━━━ Excerpted data ━━━

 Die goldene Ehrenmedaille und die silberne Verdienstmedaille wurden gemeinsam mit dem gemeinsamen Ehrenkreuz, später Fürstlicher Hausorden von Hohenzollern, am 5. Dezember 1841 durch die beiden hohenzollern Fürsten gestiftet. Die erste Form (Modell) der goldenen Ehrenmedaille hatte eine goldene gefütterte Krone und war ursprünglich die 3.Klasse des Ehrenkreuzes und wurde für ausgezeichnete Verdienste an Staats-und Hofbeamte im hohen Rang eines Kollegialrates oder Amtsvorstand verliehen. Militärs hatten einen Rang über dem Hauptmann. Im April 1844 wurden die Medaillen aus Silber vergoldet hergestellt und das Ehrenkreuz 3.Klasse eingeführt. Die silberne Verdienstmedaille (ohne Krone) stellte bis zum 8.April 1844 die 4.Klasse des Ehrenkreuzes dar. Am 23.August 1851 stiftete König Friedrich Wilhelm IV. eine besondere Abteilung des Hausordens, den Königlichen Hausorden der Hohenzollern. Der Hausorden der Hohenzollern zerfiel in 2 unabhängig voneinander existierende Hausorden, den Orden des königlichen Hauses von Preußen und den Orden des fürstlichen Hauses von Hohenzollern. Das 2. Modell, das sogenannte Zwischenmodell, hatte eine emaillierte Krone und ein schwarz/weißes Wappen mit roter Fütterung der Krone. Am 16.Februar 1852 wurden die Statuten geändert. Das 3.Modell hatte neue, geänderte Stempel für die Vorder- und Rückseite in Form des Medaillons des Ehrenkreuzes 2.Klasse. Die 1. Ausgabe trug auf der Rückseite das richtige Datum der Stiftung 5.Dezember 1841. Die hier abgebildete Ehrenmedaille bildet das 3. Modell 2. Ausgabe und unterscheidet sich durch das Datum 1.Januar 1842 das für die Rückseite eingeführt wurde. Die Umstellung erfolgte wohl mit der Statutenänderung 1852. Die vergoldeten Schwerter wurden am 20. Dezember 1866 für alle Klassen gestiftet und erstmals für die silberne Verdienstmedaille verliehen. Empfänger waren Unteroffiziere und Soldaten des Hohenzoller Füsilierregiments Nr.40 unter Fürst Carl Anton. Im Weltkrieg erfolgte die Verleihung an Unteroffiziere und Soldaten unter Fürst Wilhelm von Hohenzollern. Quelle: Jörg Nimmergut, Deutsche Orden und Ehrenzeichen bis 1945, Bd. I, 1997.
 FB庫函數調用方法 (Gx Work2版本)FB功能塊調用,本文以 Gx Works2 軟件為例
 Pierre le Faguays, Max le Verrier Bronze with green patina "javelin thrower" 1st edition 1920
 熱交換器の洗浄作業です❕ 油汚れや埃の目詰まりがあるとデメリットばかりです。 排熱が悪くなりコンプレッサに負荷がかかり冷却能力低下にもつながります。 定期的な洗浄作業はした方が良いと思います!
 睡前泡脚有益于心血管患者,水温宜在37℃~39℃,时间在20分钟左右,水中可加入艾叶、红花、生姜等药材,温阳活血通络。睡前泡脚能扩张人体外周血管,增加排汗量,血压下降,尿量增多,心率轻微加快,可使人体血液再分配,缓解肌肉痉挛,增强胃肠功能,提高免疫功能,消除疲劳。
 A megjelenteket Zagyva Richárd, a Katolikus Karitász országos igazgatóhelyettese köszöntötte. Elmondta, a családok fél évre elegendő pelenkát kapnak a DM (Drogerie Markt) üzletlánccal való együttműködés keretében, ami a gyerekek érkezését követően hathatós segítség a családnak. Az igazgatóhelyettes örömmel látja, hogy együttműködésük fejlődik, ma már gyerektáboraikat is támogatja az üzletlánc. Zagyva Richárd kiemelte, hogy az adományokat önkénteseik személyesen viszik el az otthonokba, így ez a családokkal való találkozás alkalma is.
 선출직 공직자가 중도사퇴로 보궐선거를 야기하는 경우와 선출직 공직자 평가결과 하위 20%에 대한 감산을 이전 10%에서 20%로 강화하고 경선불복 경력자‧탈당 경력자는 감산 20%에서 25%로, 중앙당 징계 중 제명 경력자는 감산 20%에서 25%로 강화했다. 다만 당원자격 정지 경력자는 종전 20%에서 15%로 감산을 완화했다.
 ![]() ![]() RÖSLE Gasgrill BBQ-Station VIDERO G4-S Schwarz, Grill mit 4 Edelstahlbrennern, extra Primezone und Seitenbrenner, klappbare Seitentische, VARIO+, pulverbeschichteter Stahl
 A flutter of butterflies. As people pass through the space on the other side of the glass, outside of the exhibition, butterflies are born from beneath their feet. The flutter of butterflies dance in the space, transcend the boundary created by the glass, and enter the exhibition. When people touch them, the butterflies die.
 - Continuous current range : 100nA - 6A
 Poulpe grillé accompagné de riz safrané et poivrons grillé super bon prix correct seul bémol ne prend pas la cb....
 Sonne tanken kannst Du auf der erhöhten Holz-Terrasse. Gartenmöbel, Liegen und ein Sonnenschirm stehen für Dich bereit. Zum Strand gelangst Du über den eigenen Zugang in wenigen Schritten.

━━━

Give all the records again. Match them exactly.

 Die goldene Ehrenmedaille und die silberne Verdienstmedaille wurden gemeinsam mit dem gemeinsamen Ehrenkreuz, später Fürstlicher Hausorden von Hohenzollern, am 5. Dezember 1841 durch die beiden hohenzollern Fürsten gestiftet. Die erste Form (Modell) der goldenen Ehrenmedaille hatte eine goldene gefütterte Krone und war ursprünglich die 3.Klasse des Ehrenkreuzes und wurde für ausgezeichnete Verdienste an Staats-und Hofbeamte im hohen Rang eines Kollegialrates oder Amtsvorstand verliehen. Militärs hatten einen Rang über dem Hauptmann. Im April 1844 wurden die Medaillen aus Silber vergoldet hergestellt und das Ehrenkreuz 3.Klasse eingeführt. Die silberne Verdienstmedaille (ohne Krone) stellte bis zum 8.April 1844 die 4.Klasse des Ehrenkreuzes dar. Am 23.August 1851 stiftete König Friedrich Wilhelm IV. eine besondere Abteilung des Hausordens, den Königlichen Hausorden der Hohenzollern. Der Hausorden der Hohenzollern zerfiel in 2 unabhängig voneinander existierende Hausorden, den Orden des königlichen Hauses von Preußen und den Orden des fürstlichen Hauses von Hohenzollern. Das 2. Modell, das sogenannte Zwischenmodell, hatte eine emaillierte Krone und ein schwarz/weißes Wappen mit roter Fütterung der Krone. Am 16.Februar 1852 wurden die Statuten geändert. Das 3.Modell hatte neue, geänderte Stempel für die Vorder- und Rückseite in Form des Medaillons des Ehrenkreuzes 2.Klasse. Die 1. Ausgabe trug auf der Rückseite das richtige Datum der Stiftung 5.Dezember 1841. Die hier abgebildete Ehrenmedaille bildet das 3. Modell 2. Ausgabe und unterscheidet sich durch das Datum 1.Januar 1842 das für die Rückseite eingeführt wurde. Die Umstellung erfolgte wohl mit der Statutenänderung 1852. Die vergoldeten Schwerter wurden am 20. Dezember 1866 für alle Klassen gestiftet und erstmals für die silberne Verdienstmedaille verliehen. Empfänger waren Unteroffiziere und Soldaten des Hohenzoller Füsilierregiments Nr.40 unter Fürst Carl Anton. Im Weltkrieg erfolgte die Verleihung an Unteroffiziere und Soldaten unter Fürst Wilhelm von Hohenzollern. Quelle: Jörg Nimmergut, Deutsche Orden und Ehrenzeichen bis 1945, Bd. I, 1997.
 FB庫函數調用方法 (Gx Work2版本)FB功能塊調用,本文以 Gx Works2 軟件為例
 Pierre le Faguays, Max le Verrier Bronze with green patina "javelin thrower" 1st edition 1920
 熱交換器の洗浄作業です❕ 油汚れや埃の目詰まりがあるとデメリットばかりです。 排熱が悪くなりコンプレッサに負荷がかかり冷却能力低下にもつながります。 定期的な洗浄作業はした方が良いと思います!
 睡前泡脚有益于心血管患者,水温宜在37℃~39℃,时间在20分钟左右,水中可加入艾叶、红花、生姜等药材,温阳活血通络。睡前泡脚能扩张人体外周血管,增加排汗量,血压下降,尿量增多,心率轻微加快,可使人体血液再分配,缓解肌肉痉挛,增强胃肠功能,提高免疫功能,消除疲劳。
 A megjelenteket Zagyva Richárd, a Katolikus Karitász országos igazgatóhelyettese köszöntötte. Elmondta, a családok fél évre elegendő pelenkát kapnak a DM (Drogerie Markt) üzletlánccal való együttműködés keretében, ami a gyerekek érkezését követően hathatós segítség a családnak. Az igazgatóhelyettes örömmel látja, hogy együttműködésük fejlődik, ma már gyerektáboraikat is támogatja az üzletlánc. Zagyva Richárd kiemelte, hogy az adományokat önkénteseik személyesen viszik el az otthonokba, így ez a családokkal való találkozás alkalma is.
 선출직 공직자가 중도사퇴로 보궐선거를 야기하는 경우와 선출직 공직자 평가결과 하위 20%에 대한 감산을 이전 10%에서 20%로 강화하고 경선불복 경력자‧탈당 경력자는 감산 20%에서 25%로, 중앙당 징계 중 제명 경력자는 감산 20%에서 25%로 강화했다. 다만 당원자격 정지 경력자는 종전 20%에서 15%로 감산을 완화했다.
 ![]() ![]() RÖSLE Gasgrill BBQ-Station VIDERO G4-S Schwarz, Grill mit 4 Edelstahlbrennern, extra Primezone und Seitenbrenner, klappbare Seitentische, VARIO+, pulverbeschichteter Stahl
 A flutter of butterflies. As people pass through the space on the other side of the glass, outside of the exhibition, butterflies are born from beneath their feet. The flutter of butterflies dance in the space, transcend the boundary created by the glass, and enter the exhibition. When people touch them, the butterflies die.
 - Continuous current range : 100nA - 6A
 Poulpe grillé accompagné de riz safrané et poivrons grillé super bon prix correct seul bémol ne prend pas la cb....
 Sonne tanken kannst Du auf der erhöhten Holz-Terrasse. Gartenmöbel, Liegen und ein Sonnenschirm stehen für Dich bereit. Zum Strand gelangst Du über den eigenen Zugang in wenigen Schritten.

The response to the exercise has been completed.